8 comments so far...

  • Milk Monster's Mum Said on September 21st, 2005 at 07:56:

    We’ve got that book, and we’ve tried almost every recipe in it. They taste great, and they’re a huge hit with the Monster. Does it make any difference? Well, even at not quite 2 she’s noticably calmer and more able to concentrate than others her age who eat nothing but chips and ready meals (yes, people really do feed that crap to toddlers). As for Mum and Dad - we definately feel better having ditched most processed foods in favour of real ingredients with flavour, rather than rubbish ingredients topped up with salt.

  • Me Said on September 21st, 2005 at 07:59:

    well said

  • kate Said on September 21st, 2005 at 08:53:

    I’ll second that, very well said indeed.
    I can’t believe that guy wants to encourage giving kids more drugs.
    I think I’m very luck in that I’ve always hated the taste of fast food (with the exception of pizza) in terms of burgers and fries and fizzy drinks, and growing up we had fish and chips once a week, but everything else was healthy. I also love cooking, so for me eating healthily and limiting the food toxins I consume is easy. For those who hate cooking or can’t find the time, and those children who have been brought up on junk food, I’d imagine it would be very hard to change habits.
    I also think part of the problem is people not being aware of where the food their eating comes from and what exactly is in it. Supermarkets advertise they’re food as healthy, but how health is it when there are chemicals in the ingredients list.
    I hate buying things that I know I can make myself, and that what I produce will taste far better.

  • kate Said on September 21st, 2005 at 08:57:

    Oh, and I’m impressed U made meatballs, sounds just lik one of our swedish meals :-)

  • sweavo Said on September 21st, 2005 at 10:48:

    I was a problem kid, and I am so glad I wasn’t doped because of my behaviour.
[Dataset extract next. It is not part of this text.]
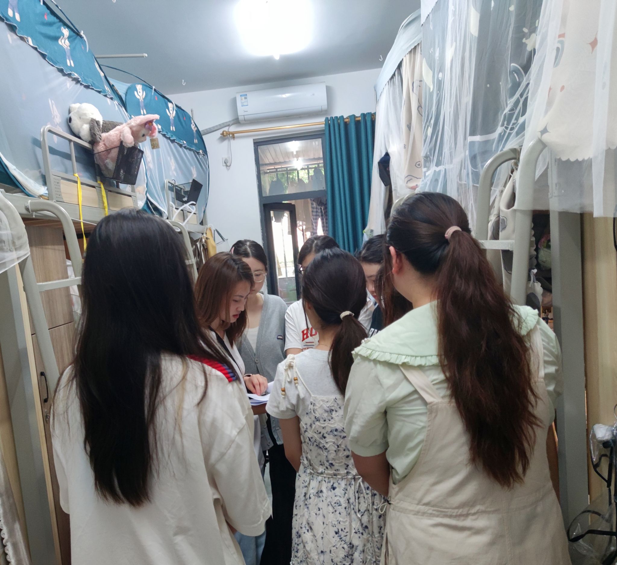 面对同学们就业、论文撰写、答辩等诸多问题,为了切实了解她们的需求,给予及时的帮助,黄倩老师提前开展了细致的筹备工作,活动前对学生查寝人数和时间进行了深入调研,通过社群与每个寝室成员建立紧密联系,确保活动能够精准对接同学们的需求,让关怀真正落到实处。

Diagnosis is often just a consensus of conjecture between experts, and experts are too often simply people who talk about a particular thing a lot.

    I accept there may be children for whom drugs may prove to be the correct solution, but let’s at least try simplifying the chemical influences on their mind first.

    By analogy, if you want to stop a baby crying you can gag it, or you can stop prodding it with pins.

  • kate Said on September 21st, 2005 at 11:27:

    I remember watching a program a while back about a school for children with ADHD. I can’t rememeber whether any of the children were on medication, but their behaviour did vary quite a bit. Interviews with the children and the teachers brought to light the fact that one of the biggest problems the children had was knowing that they were different to other children, but not being able to understand why they were that way, and why they did the things they did. One teenager started to kick another student after a minor argument. Afterwards he was so ashamed of himself because he knew what he’d done was wrong, he was also very frustrated because he couldn’t stop himself. The schools main aim was to try and help the children understand their condition and teach them ways of managing it, and it worked too.

  • Lorri Said on September 22nd, 2005 at 09:09:

    My sister’s seen the reverse of that too. One child in her class attacked his best friend over a trivial matter and the next day asked him what the bump on his head was. He literally could not understand that he had caused it, no matter how often his friend told him.

  • Not Me Said on September 22nd, 2005 at 21:28:

    You can put cabbage on pizza, but it doesn’t taste as good as meat balls.